Dataset items
● ● ● ●

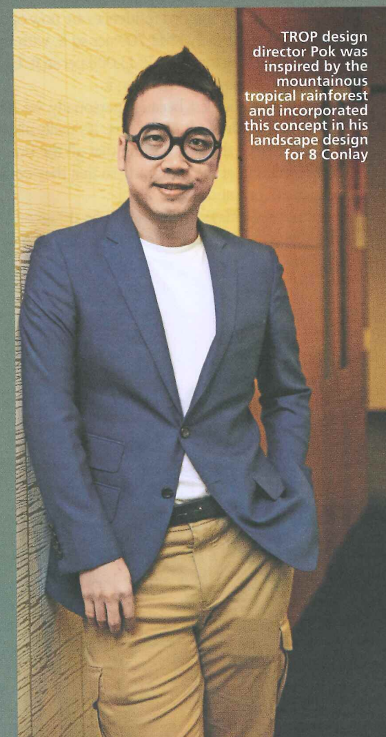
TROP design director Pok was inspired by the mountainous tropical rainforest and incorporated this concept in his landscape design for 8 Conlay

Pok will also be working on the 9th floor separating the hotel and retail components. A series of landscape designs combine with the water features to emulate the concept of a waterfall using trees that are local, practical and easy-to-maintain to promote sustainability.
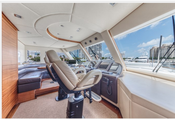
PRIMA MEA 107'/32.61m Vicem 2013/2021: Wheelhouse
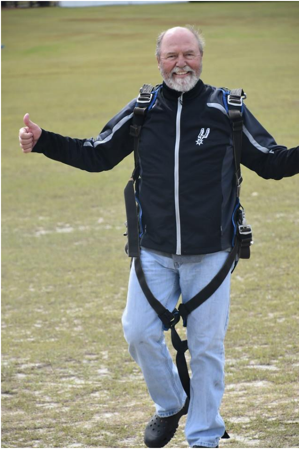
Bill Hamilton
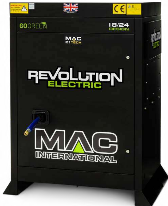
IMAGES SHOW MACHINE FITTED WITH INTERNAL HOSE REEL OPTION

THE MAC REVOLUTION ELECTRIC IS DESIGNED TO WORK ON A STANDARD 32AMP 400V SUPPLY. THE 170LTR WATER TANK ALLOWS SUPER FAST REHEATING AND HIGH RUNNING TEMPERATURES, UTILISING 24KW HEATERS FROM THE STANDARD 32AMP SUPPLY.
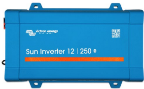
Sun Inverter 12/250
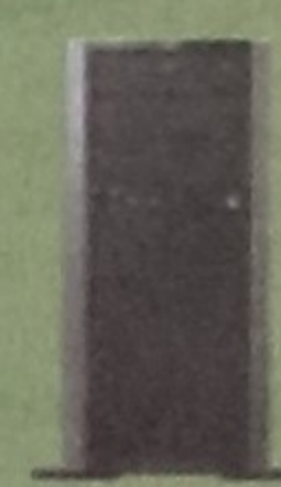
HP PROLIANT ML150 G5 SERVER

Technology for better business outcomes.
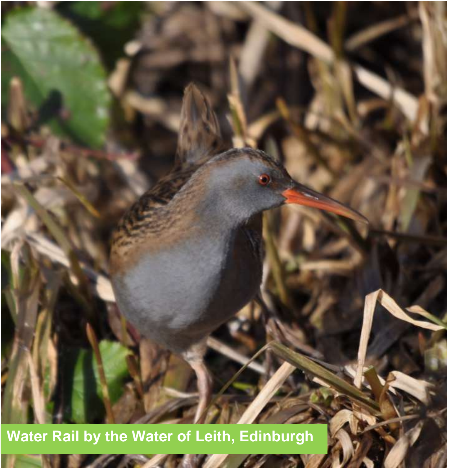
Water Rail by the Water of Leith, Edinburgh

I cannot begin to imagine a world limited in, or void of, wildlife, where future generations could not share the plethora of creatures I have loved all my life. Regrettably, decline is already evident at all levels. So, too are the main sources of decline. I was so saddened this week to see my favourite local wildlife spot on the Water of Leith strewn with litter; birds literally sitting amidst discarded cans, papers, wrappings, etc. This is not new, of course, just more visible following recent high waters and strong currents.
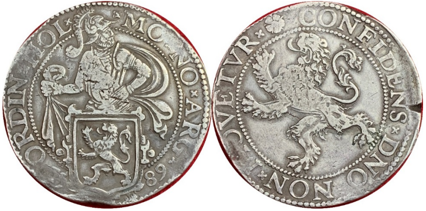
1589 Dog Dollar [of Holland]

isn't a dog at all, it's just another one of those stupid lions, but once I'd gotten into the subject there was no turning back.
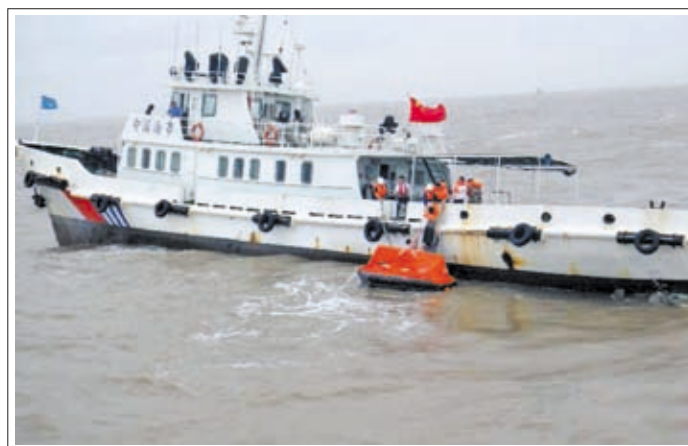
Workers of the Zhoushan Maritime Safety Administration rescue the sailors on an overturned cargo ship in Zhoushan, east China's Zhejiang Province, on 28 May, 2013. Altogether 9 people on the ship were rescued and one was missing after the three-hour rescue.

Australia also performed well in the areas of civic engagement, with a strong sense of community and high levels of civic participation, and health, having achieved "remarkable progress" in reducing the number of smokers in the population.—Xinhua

● ● ● ●

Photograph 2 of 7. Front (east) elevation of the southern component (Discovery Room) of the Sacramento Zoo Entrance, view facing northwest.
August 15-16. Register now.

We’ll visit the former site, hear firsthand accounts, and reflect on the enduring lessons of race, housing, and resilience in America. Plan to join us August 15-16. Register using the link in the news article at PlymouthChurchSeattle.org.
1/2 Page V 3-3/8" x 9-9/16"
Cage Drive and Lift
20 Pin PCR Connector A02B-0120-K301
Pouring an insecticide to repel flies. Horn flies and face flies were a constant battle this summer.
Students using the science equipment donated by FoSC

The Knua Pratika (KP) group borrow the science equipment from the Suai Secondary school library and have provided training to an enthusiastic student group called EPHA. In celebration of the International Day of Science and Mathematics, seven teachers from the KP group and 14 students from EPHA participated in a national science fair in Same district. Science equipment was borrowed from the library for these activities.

● ● ● ●

THE PROBLEM
Once the line with "THE MAC REVOLUTION" is found above, transcribe each line from it through the line with "1589 Dog Dollar [of Holland]", exactly, and omit the pictures.

ANSWER TO THIS TASK
THE MAC REVOLUTION ELECTRIC IS DESIGNED TO WORK ON A STANDARD 32AMP 400V SUPPLY. THE 170LTR WATER TANK ALLOWS SUPER FAST REHEATING AND HIGH RUNNING TEMPERATURES, UTILISING 24KW HEATERS FROM THE STANDARD 32AMP SUPPLY.
Sun Inverter 12/250
HP PROLIANT ML150 G5 SERVER

Technology for better business outcomes.
Water Rail by the Water of Leith, Edinburgh

I cannot begin to imagine a world limited in, or void of, wildlife, where future generations could not share the plethora of creatures I have loved all my life. Regrettably, decline is already evident at all levels. So, too are the main sources of decline. I was so saddened this week to see my favourite local wildlife spot on the Water of Leith strewn with litter; birds literally sitting amidst discarded cans, papers, wrappings, etc. This is not new, of course, just more visible following recent high waters and strong currents.
1589 Dog Dollar [of Holland]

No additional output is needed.